To maximize course relevance, iCons students will receive guidance and feedback from people with hands-on experience, such as Pierre Rouzier, a UMass Amherst physician shown here helping Haitians after the 2010 earthquake.

“These days, research is more and more interdisciplinary,” she says. And that trend presents challenges for faculty who lead research programs that attract students from across a range of technical backgrounds. “We should introduce students at the undergraduate level, or even earlier, to the idea that science is an interdisciplinary field,” she says. “The sooner kids understand that concept and begin practicing it, the better off they’ll be.”

One of the challenges of internalizing that concept is that in traditional college courses, problems and their solutions are neatly compartmentalized. In the classroom, often there are sharp divides between a physics problem and a chemical engineering problem, for example. But as Stein explains, real-world problems don’t come with neat labels that say, “This is the tool set you need to solve me.”

Ideally, students should be educated to recognize where their skills can best be applied and whom to team up with to solve the other aspects of a problem.

Another cornerstone of the new program is student-driven learning. Auerbach had the distinct pleasure of watching that process unfold this past semester as iCons-I students focused on a case study surrounding the cholera outbreak in Haiti after the 2010 earthquake.

Teams of students were asked to identify a societal problem; formulate a scientific question that, if answered, might solve the problem; and propose a scientific study to answer the question. The students were given latitude to examine the problem according to their interests.

Some teams approached the challenge as a problem in biotechnology. They proposed studying the cholera-microbe genome to learn whether the strain in Haiti was the same as other strains. They wanted to study its evolution and mutation patterns to learn how to treat the outbreak.

Other teams reasoned that the heart of the problem is a lack of clean water and the inability of people living in makeshift tent camps to secure enough reliable energy to boil their water supplies. Those students wondered whether the right set of solar materials and heating devices could be designed to exploit Haiti’s sunlight and climate conditions and thereby mitigate the energy and water problem.

The follow-up iCons courses are scheduled to commence in the next few years. ICons-II, which will be offered in spring 2012, will focus on written and oral communication. The aim is to hone skills needed for students to communicate articulately with scientists in all disciplines and with younger students in the program. ICons-II students will delve into topics as diverse as fuel cells and biomass-fired power plants to cholera in Haiti, Alzheimer’s disease, and autism, depending on which concentration they select.

The program’s lab work is scheduled to begin in spring semester 2013 with the launch of iCons-III. Student teams will work with specialized lab equipment relevant to their concentration topic to learn about the capabilities and limitations of lab instruments. Together with faculty members, they’ll plan and carry out experiments.

Then in fall semester 2013, the first cohort will be ready for iCons-IV, in which students conduct authentic research in faculty research laboratories on the UMass campus. ICons-IV research problems will be interdisciplinary and will integrate techniques from more than one laboratory. That course has been designed to help students achieve several goals, including learning to formulate good scientific questions and identifying gaps in their scientific knowledge.

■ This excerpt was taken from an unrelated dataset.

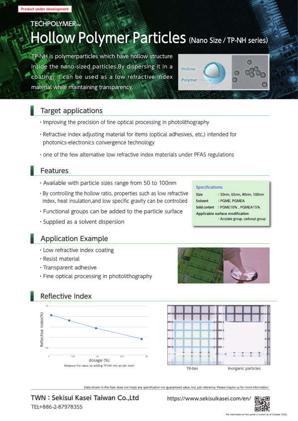 NH series is polymer particles which have hollow structure inside the nano-sized particles. By dispersing it in a coating, it can be used as a low refractive index material while maintaining transparency.
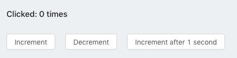 实现这样的一个组件,有三个按钮,其中两个是同步任务,另外一个按钮是异步任务,点击之后1秒计数才会增加:

ICons faculty members such as materials chemist Dhandapani Venkataraman, a fuel-cell and photovoltaics expert, are brimming with enthusiasm for the new program. “Traditionally, students work from the bottom up,” he says, learning fundamental concepts in the first few years and finally applying them to a research problem in the fourth year. That’s when they begin to understand why they have been working to learn all those concepts, he says. In contrast, he adds, “iCons exposes students to real problems that they can get excited about right from the beginning and trains them to ask, ‘What do I need to actually solve this problem?’ ”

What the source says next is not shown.